No word on the street about the helicopter sale—not from anyone aboveground. I’m not fool enough to contact my lawyer directly. Hell, I don’t even know the guy’s name. Dad set up everything with these people. It was all double blind, while I was in the joint. I can get to my safe deposit box tomorrow, if the money’s still there, if Hartman hasn’t gotten to the Fixer yet. But that’ll take time and I need tonight for more important moves. The seventy-five grand in the trunk of my car will have to do me, plus my walking-around money. It’ll be enough.
Jayne Jenison now.
The lady in black.
There’s a lot on her, but I have to look real hard. I find an old e-mail account drifting in the breeze, but she did a Sarah Palin on it a long time ago. Everything important erased. Some clues, though. The names of a few companies, a few senators. Nothing unusual for a private citizen who lobbies against gun control.

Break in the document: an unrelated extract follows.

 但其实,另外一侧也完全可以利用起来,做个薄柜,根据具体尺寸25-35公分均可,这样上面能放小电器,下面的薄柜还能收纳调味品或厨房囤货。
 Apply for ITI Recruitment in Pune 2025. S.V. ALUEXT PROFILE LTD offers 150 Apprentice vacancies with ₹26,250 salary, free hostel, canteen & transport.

But she had me going after Cheyenne Mountain, man. This one’s got her finger on the triggers of much bigger guns. What the hell is she up to?
Who is she really working for?
I talk to my wireheads again. I have important questions, and now I’ve got cash to pay for the answers. The money brings them all running this time.

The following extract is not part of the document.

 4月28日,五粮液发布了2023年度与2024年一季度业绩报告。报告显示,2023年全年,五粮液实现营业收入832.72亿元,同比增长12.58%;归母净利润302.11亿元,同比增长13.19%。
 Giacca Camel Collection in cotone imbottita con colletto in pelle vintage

I get back in my secure chat room with six major players who know their way around government contracting and security. One of them is a guy who used to build guidance systems for nuclear warheads. Another guy had a hand in the 2000 presidential election. I tell them all what I’m looking for. I give them names. They name their prices. I say okay. It has to be cash, night deposits, but they know I’m good for it.

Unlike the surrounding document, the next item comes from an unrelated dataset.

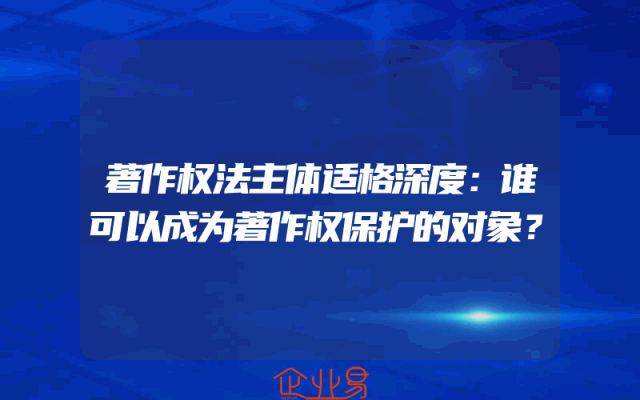 - 著作权法主体适格深度:谁可以成为著作权保护的对象?

I ask about defense grids. I ask about rich people stockpiling women. I ask about every speck of dangerous military blackware created in the past several years, and the people who are running scared from it. I get names. Big names. Dictators. Guerrilla leaders. Feared terrorists with track records. Half these people are dead already, the other half vanished off the face of the earth.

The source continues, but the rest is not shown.